[Records from a dataset]
────────

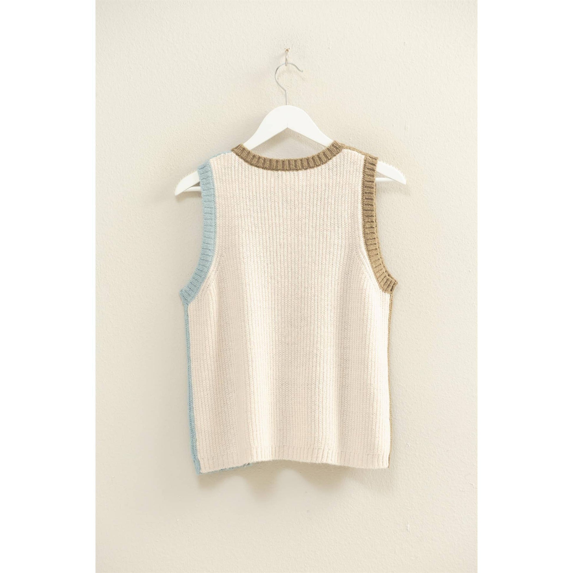 Discover the unique charm of this sleeveless,color block sweater featuring a distinctive line of buttons along the side. Ideal for a touch of casual sophistication, this piece transcends seasons. Effortlessly versatile, it can be styled over a collared shirt or under a blazer for a polished look. 70% acrylic 30% nylon Model Is 5' 6" Tall, 32" Chest, 24" Waist, 32" Hips And Wearing A Size Small Imported. Designed In The USA
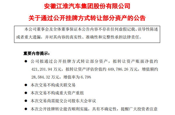 中国经济网10月24日讯(记者 陈梦宇)近日,江淮汽车(600418.SH)发布转让部分资产公告:“为进一步优化自身资产结构,经公司八届十二次董事会审议,公司拟通过公开挂牌方式转让部分资产,涉及乘用车公司三工厂存货、固定资产、在建工程、房屋建筑物以及土地使用权及乘用车公司新桥工厂构筑物和设备资产。”
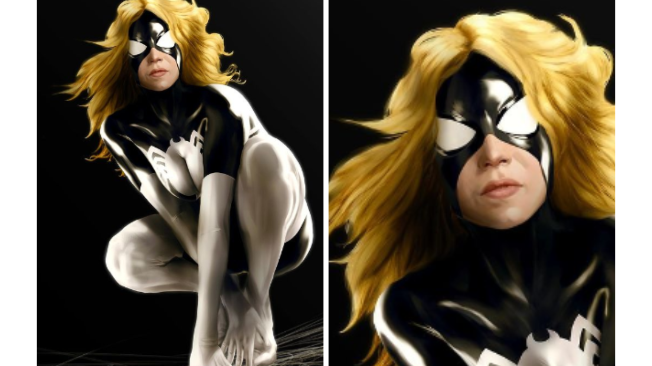 Si bien las fotos del set solo han mostrado a Sweeney en ropa de calle, el artista Jaxson Derr (@JaxsonDerr) compartió en su Instagram cómo se vería la actriz con el traje blanco y negro que usa Spider-Woman en los cómics. La imagen presenta el logotipo, los brazos y las piernas blancos del icónico traje de Spider-Woman y el torso negro. Los ojos blancos del héroe y su largo cabello rubio también se pueden ver en la obra de arte, que muestra a la Mujer Araña de Sweeney agachada sobre una telaraña.
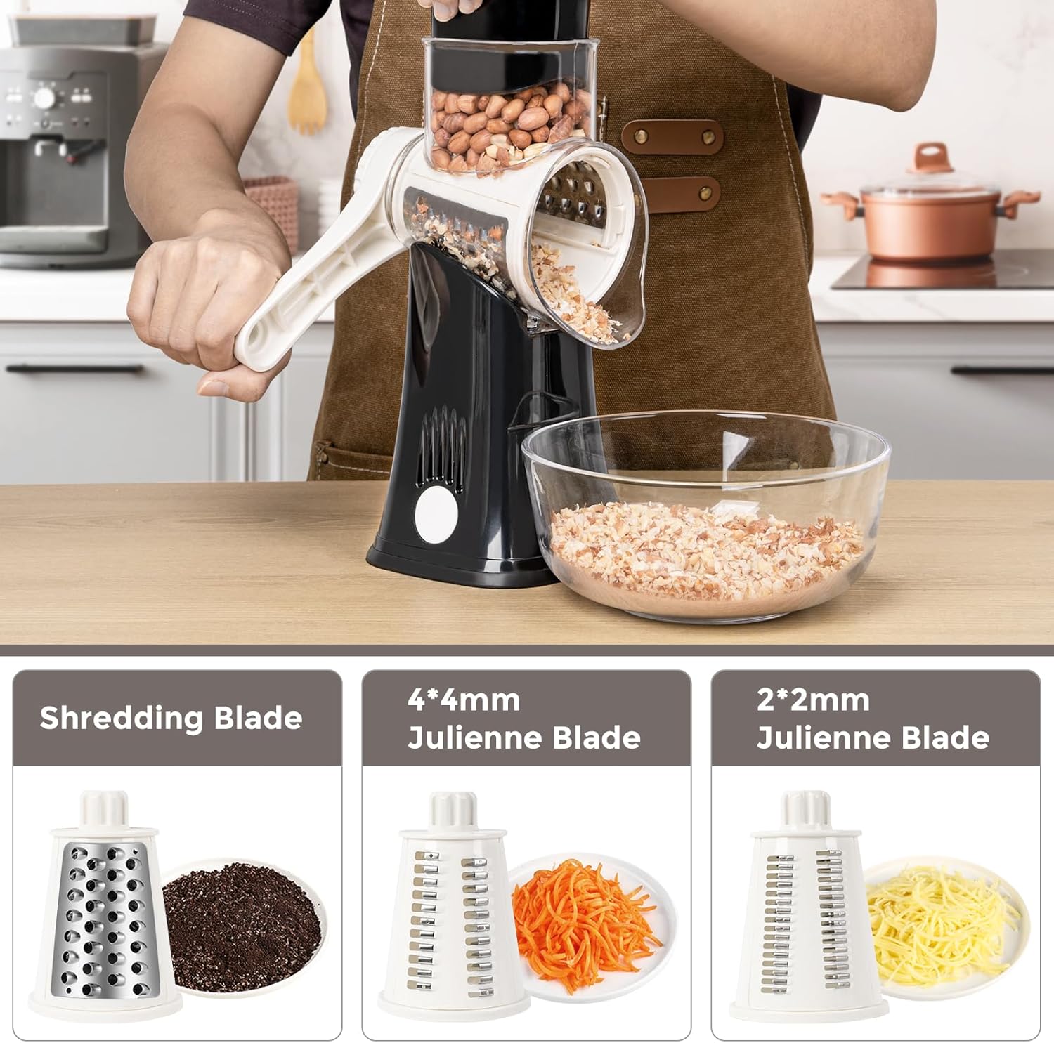 • Versatile Kitchen Companion: The cheese grater is equipped with five interchangeable drum blades including slicing, wave, shredding, and two julienne blades, making ingredient prep easier. The rotary cheese grater is ideal for grating cheese, vegetables, cookies, nuts, chocolate, and more, effortlessly handling your culinary tasks
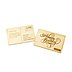 Die Holzkarte mit individueller Laserung können Sie personalisiert einfach per Post an Ihre Gäste versenden. Damit Ihnen bei der Versendung kein weiterer Aufwand entsteht, übernehmen wir von Lerche: gerne die gesamte Abwicklung von der Veredelung über die Personalisierung und Frankierung bis zum Versand. Auch die Adressdaten können direkt auf die Grußkarte gelasert werden. So erhalten Sie eine einheitliche Linie und ein klares Design der Einladungskarte.
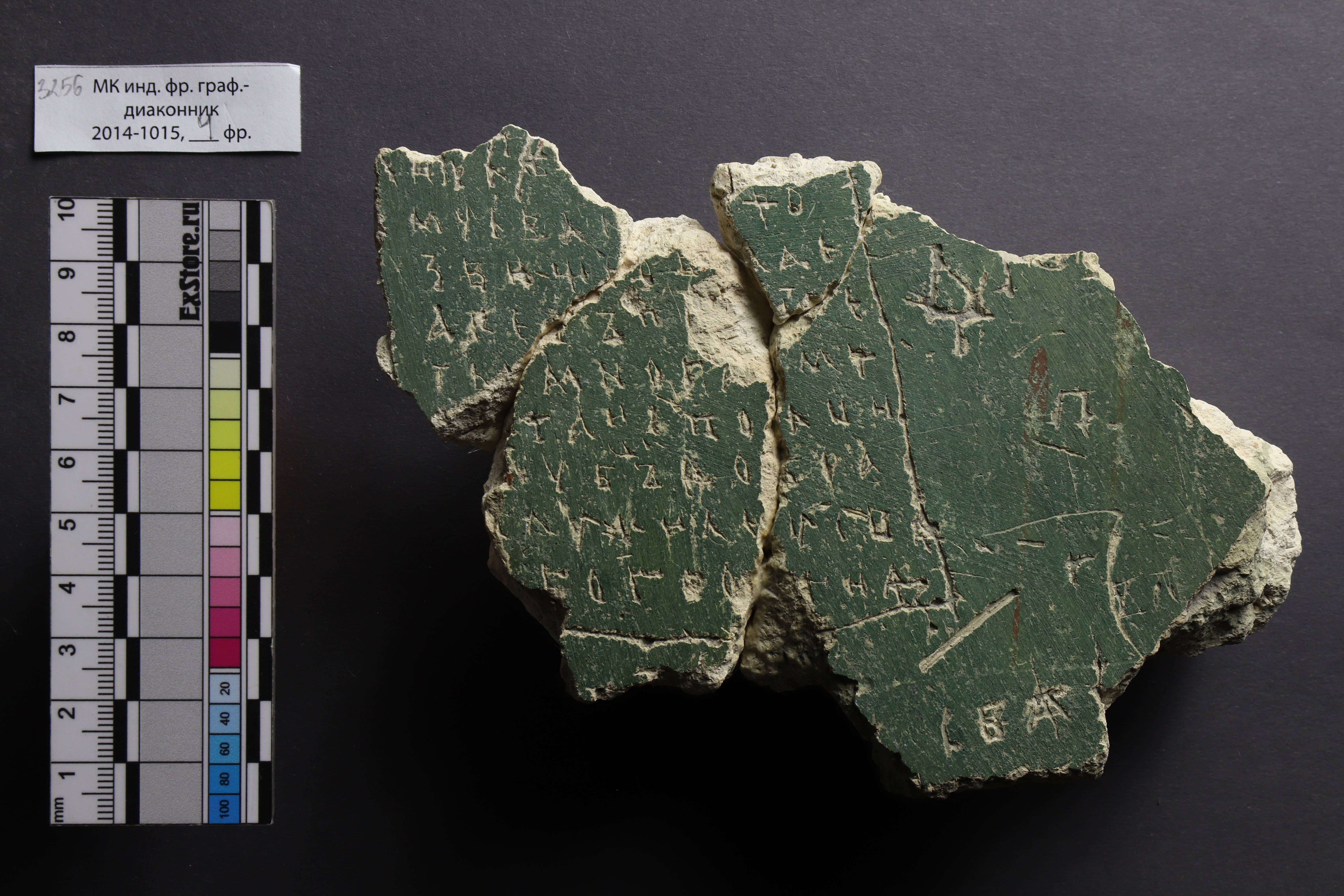 | Расположение на носителе | Фрагмент 3256* найден в Южной апсиде. «Блок-монолит из четырех кусков штукатурки зеленого цвета. Направление кисти переменчивое, но преимущественно диагональное (слева направо, сверху вниз). Есть незначительные повреждения штукатурки – в основном точечные выбоинки, выпавшие соломинки, случайные царапины. В правой части есть два тонких мазка красно-коричневой краской. Возможно, рядом был угол. Здесь же красочный слой чуть истерся». (Гиппиус, Щеголькова 2024) |
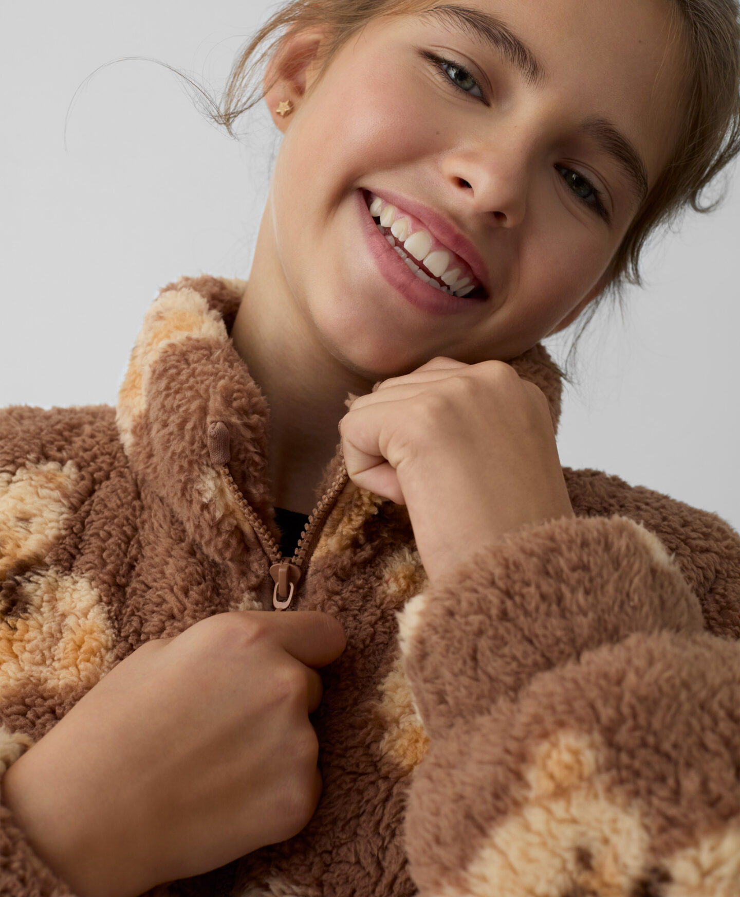 Bērnu flīsa džemperi ar lāčiem var aizvērt ar ērtu rāvējslēdzēju. Tas apvieno labu stilu, siltumu un komfortu. Izgatavots no mīksta materiāla, tas maigi ieskauj bērna ādu. Rāvējslēdzējs pilnā garumā nodrošina ātru uzvilkšanu un novilkšanu, bet brīvais piegriezums ļauj ērti kustēties, nodrošinot bērnam maksimālu brīvību.
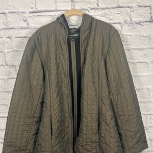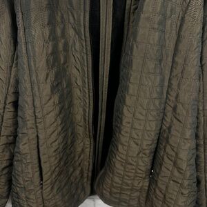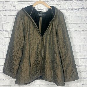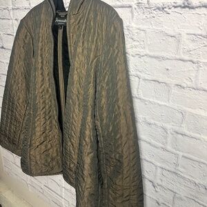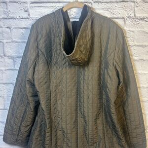 Beautiful quilted A-line jacket featuring a soft olive base with a subtle bronze/brown iridescent sheen that catches the light and gives the fabric a rich, elevated look. Full zip front, cozy hood, and zip pockets. Slight swing silhouette makes it easy to layer and super flattering. Lightweight to mid-weight — perfect for fall and winter.
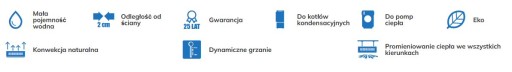 - niewielka masa własna i mała pojemność wodna to wysoka dynamika grzania, grzejniki szybko osiągają pełną moc znamionową dla danej temperatury zasilania
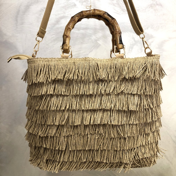 Ce sac se distingue par ses superpositions de franges qui créent du mouvement et du relief, pour un rendu très tendance. Son anse rigide effet bambou renforce son inspiration artisanale, tandis que sa large bandoulière textile apporte confort et modernité.

────────

- Prompt
The copy should start at the line that contains "Bērnu flīsa džemperi", end at the last line of the entries above, and match each line exactly, with pictures dropped.

- Your solution
 Bērnu flīsa džemperi ar lāčiem var aizvērt ar ērtu rāvējslēdzēju. Tas apvieno labu stilu, siltumu un komfortu. Izgatavots no mīksta materiāla, tas maigi ieskauj bērna ādu. Rāvējslēdzējs pilnā garumā nodrošina ātru uzvilkšanu un novilkšanu, bet brīvais piegriezums ļauj ērti kustēties, nodrošinot bērnam maksimālu brīvību.
 Beautiful quilted A-line jacket featuring a soft olive base with a subtle bronze/brown iridescent sheen that catches the light and gives the fabric a rich, elevated look. Full zip front, cozy hood, and zip pockets. Slight swing silhouette makes it easy to layer and super flattering. Lightweight to mid-weight — perfect for fall and winter.
 - niewielka masa własna i mała pojemność wodna to wysoka dynamika grzania, grzejniki szybko osiągają pełną moc znamionową dla danej temperatury zasilania
 Ce sac se distingue par ses superpositions de franges qui créent du mouvement et du relief, pour un rendu très tendance. Son anse rigide effet bambou renforce son inspiration artisanale, tandis que sa large bandoulière textile apporte confort et modernité.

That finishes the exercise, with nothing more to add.